Five different messages in the puzzle...

High Speed
Medium Speed
Slow Speed
Zero Speed
Stuck Bits Detection

...means that we need more than two bits for each code. Three bits will give us eight combinations to work with, but that last requirement -- to detect stuck bits -- will take away two of them: 000 and 111.

The remaining six combinations would seem to be enough. We might, for example, let...

110 = High Speed
101 = Medium Speed
100 = Low Speed
011 = Zero Speed

However, the sophisticted solver will want to consider how, as repeating patterns, each will appear to the train...

110110110...
101101101...
100100100...
011011011...

Now, depending on exactly when the train happens to "sync up" on the incoming signal at the beginning of each block along the right-of-way, it is clear that some codes can be confused with others. Thus a Zero Speed command 011 can be confused with a High Speed command 110 -- hey, throughout the block. Can't have that.

A little foozling will reveal that at least one more bit-per-code is required to assure synchronization. For example, we might require that each of those codes begin with a 1...

1110 = High Speed
1101 = Medium Speed
1100 = Low Speed
1011 = Zero Speed

...oh, but that won't work either, because the patterns are repeating, now the Zero Speed command can be confused with the Medium Speed command despite that "sync" bit there. With four bits we have 16 combinations, so surely that should be enough to do the job. But how?

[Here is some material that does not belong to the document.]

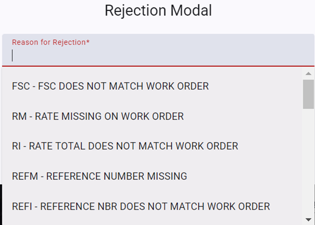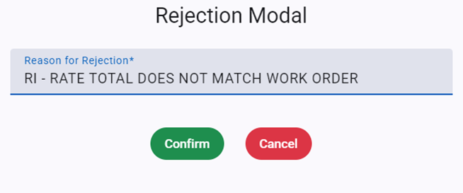 Start typing the reason for rejection in the “Reason for Rejection*” field to find the desired code or use the dropdown to locate and select. Once a Reason has been selected, left click on the “Confirm” button. Otherwise, left click on the “Cancel” button to return to the previous screen. (As below)
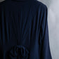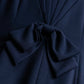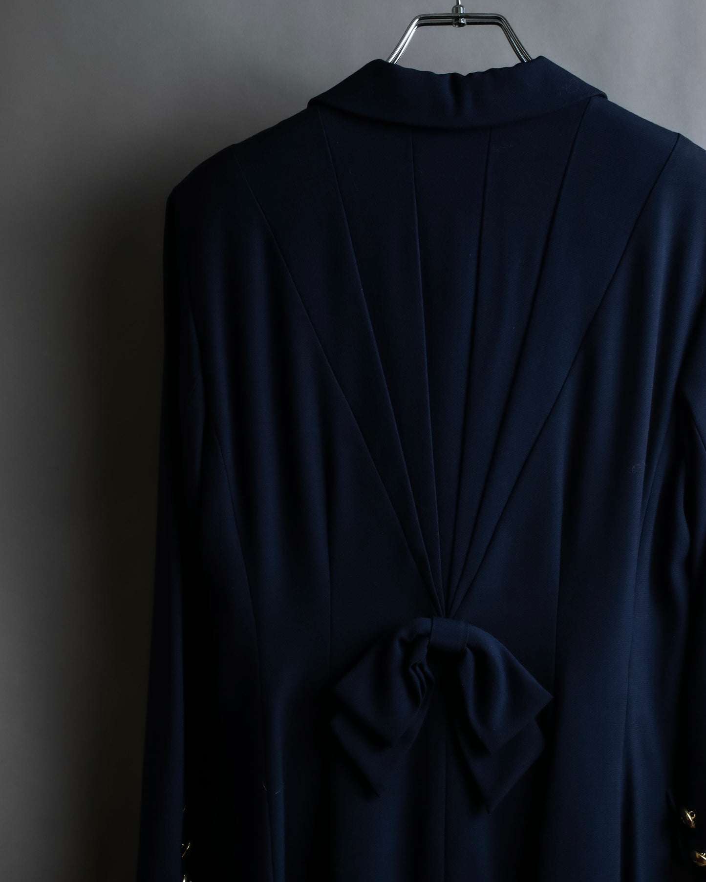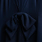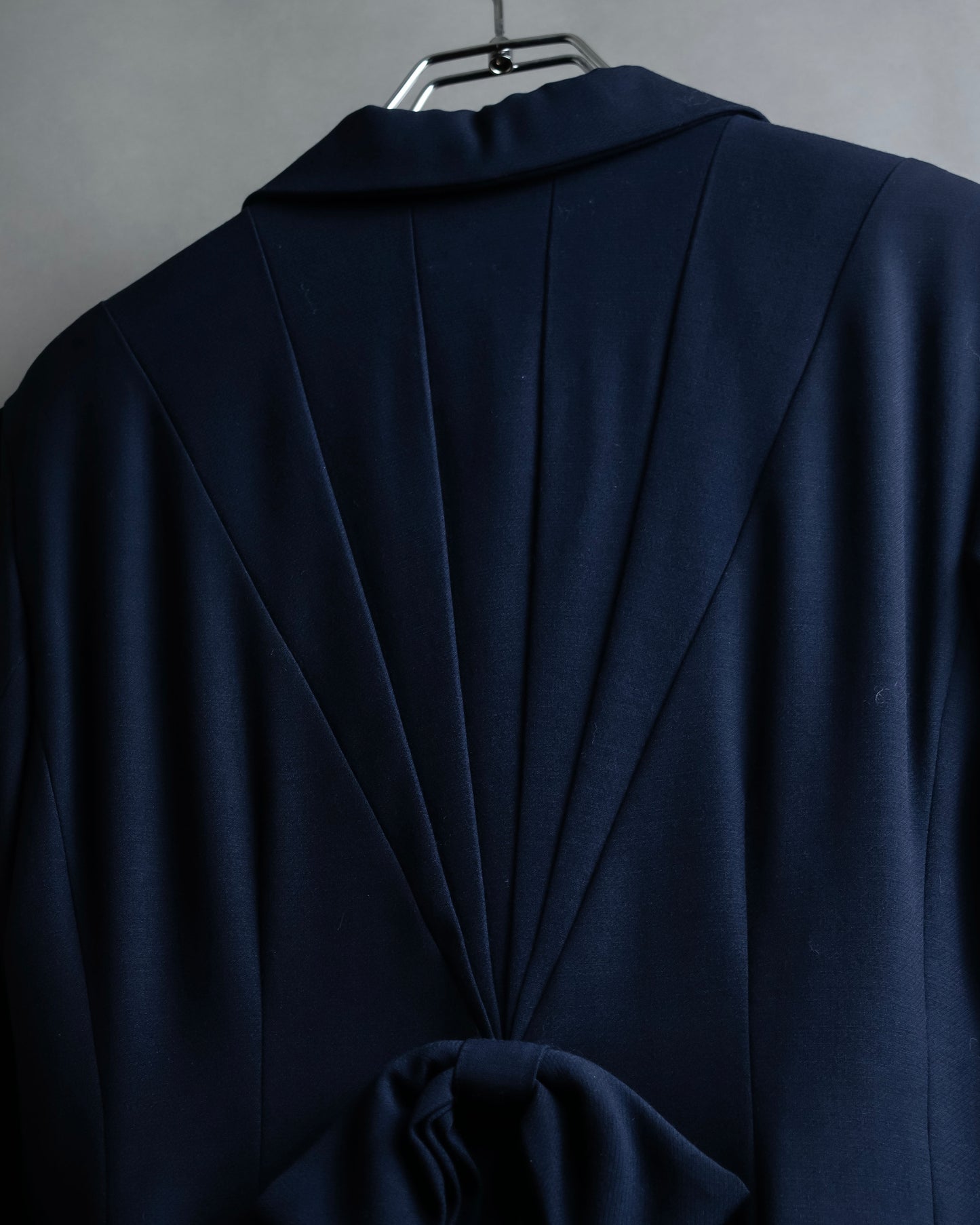 後ろ身頃には放射状にタックを取った構築的なシルエットが広がり、その中心に結ばれた共布のリボンが、フェミニンさと立体感をさりげなくプラスしており、後ろ姿にまで品格が宿っております。

The solution is to assign more than one pattern of bits to each command such that no matter when the train begins reading them, the interpretation will be the same. Here, then, is one such solution.

Command Confusion-Free
Codes

High Speed

Medium Speed

Slow Speed

Zero Speed

Stuck Bits
0001, 0010, 0100, 1000
0011, 0110, 1100, 1001
0111, 1011, 1101, 1110
0101, 1010
0000, 1111

Multiple bit-patterns like these have also been called "comma-free codes," but there are many differences here from the scheme to which the conventional use of that expression applies, as you will see in the solution to Conservation of Bits, wherein the objectives are...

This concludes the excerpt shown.